Other efforts that have focused on bottom-up improvements in community-based health systems have shown strong evidence of increases in healthcare access and coverage, with encouraging evidence of impacts on population health, but with critical data gaps that leave unresolved questions around mortality effects [25,28,59]. The Accelerated Child Survival and Development Programme in Ghana, Benin, and Mali, and an integrated community health program in Togo, reported decreases in mortality rates, but these trends did not differ from national trends [8,28]. A district level HSS intervention in eastern Rwanda that included community health saw under-five mortality decline (229.8 to 83.2 deaths per 1,000 live births in 5 years) at more than twice the rate of the rest of rural Rwanda [31]. However, limited baseline data and absence of prospective comparison groups, alongside major socioeconomic and demographic changes in Rwanda during that period, constrain causal interpretation. In peri-urban Mali, a doorstep community health program saw under-five mortality rates drop to well below national levels (154–7 deaths per live birth) after seven years [32], with the first two years alone declining by 86% (154–21). However, because under-five mortality is estimated from births in the previous five years, these estimates still included three years of data from the pre-intervention period, implying that other demographic changes must have contributed [32]. Compelling evidence comes from the 10-year evaluation of the Millennium Villages Project, which found a reduction in under-five mortality of 23 deaths per 1,000 live births across all 12 sites, using retrospectively identified comparison groups [29]. These results provide optimism for progress in the health-related SDGs, but are attributed to an integrated set of poverty reduction programs that include health, education, and agriculture among others, obscuring what can be attributed to healthcare.

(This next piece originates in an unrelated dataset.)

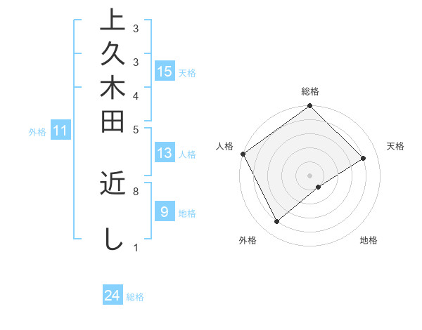 上久木田 近しさんを姓名の画数から五運を鑑定

In contrast to most sub-Saharan African countries, healthcare coverage and mortality rates have shown little progress, or have worsened, in Madagascar over the last 15 years. The two latest Madagascar DHS, conducted in 2009 and 2021, revealed that the percentage of pregnant women who gave birth at a healthcare facility increased only from 35% to 39%. Meanwhile, the proportion of children aged 12–23 months who received all basic vaccinations declined from 62% to 49% [60,61]. Care seeking at public facilities for common illnesses of children under five has remained stable at about 30% for diarrhea and about 40% for fever and acute respiratory infections [60,61]. These indicators are often lower among rural populations. Moreover, Madagascar is one of the few countries in the world where both malaria incidence and mortality have increased by over 75% as compared with 2015 levels [62]. This worsening of health indicators is due in part to persistent challenges in health financing and development assistance: Madagascar has among the lowest per capita health expenditures in the world, declining from $20 in 2009 to $16 in 2022 [63]. In contrast, the average per capita health expenditures of the least developed economies (UN classification) have risen steadily to nearly $50 in 2022; the average across sub-Saharan Africa reached $85 in 2022 [63]. Similar trends in development assistance for health have resulted in an increasing and substantial gap in aid (e.g., external health expenditure per capita) between Madagascar and the rest of sub-Saharan Africa [63].
The results from Madagascar presented here are important because of the unique combination of data and the overall context: (1) complete 10-year time series with a true baseline; (2) a longitudinal cohort that mitigates effects of changes in population structure, collected by independent specialists (the National Institute of Statistics); (3) representative samples from intervention and comparison groups; (4) patient data from the health system; and (5) a context that did not experience broader changes to socioeconomic and health conditions. As a result, we conclude that lower mortality rates in the initial HSS intervention area of Ifanadiana district can be explained by reductions in financial and geographic barriers (removal of user fees and expanded CHW support), alongside stronger, more integrated health systems at all levels of care (e.g., infrastructure upgrades, more trained personnel). These changes led to a doubling in care-seeking for illness in children and individuals of all ages, and to more modest but significant increases in maternal care coverage (Table 3). In contrast, the comparison area experienced mostly worsening health outcomes until this was reversed in 2021, when the HSS intervention was expanded to the rest of the district (Figs 1, S1 and S2). We show that support to the community health program contributed to increased care seeking and primary care utilization for children living further than 5 km from a health facility (Fig 4), but we did not find a significant impact of the program on care seeking overall in statistical models (Table 2). Instead, our results suggest that integration of HSS activities at all levels of care within a district health system had the strongest impacts on service coverage (Table 3).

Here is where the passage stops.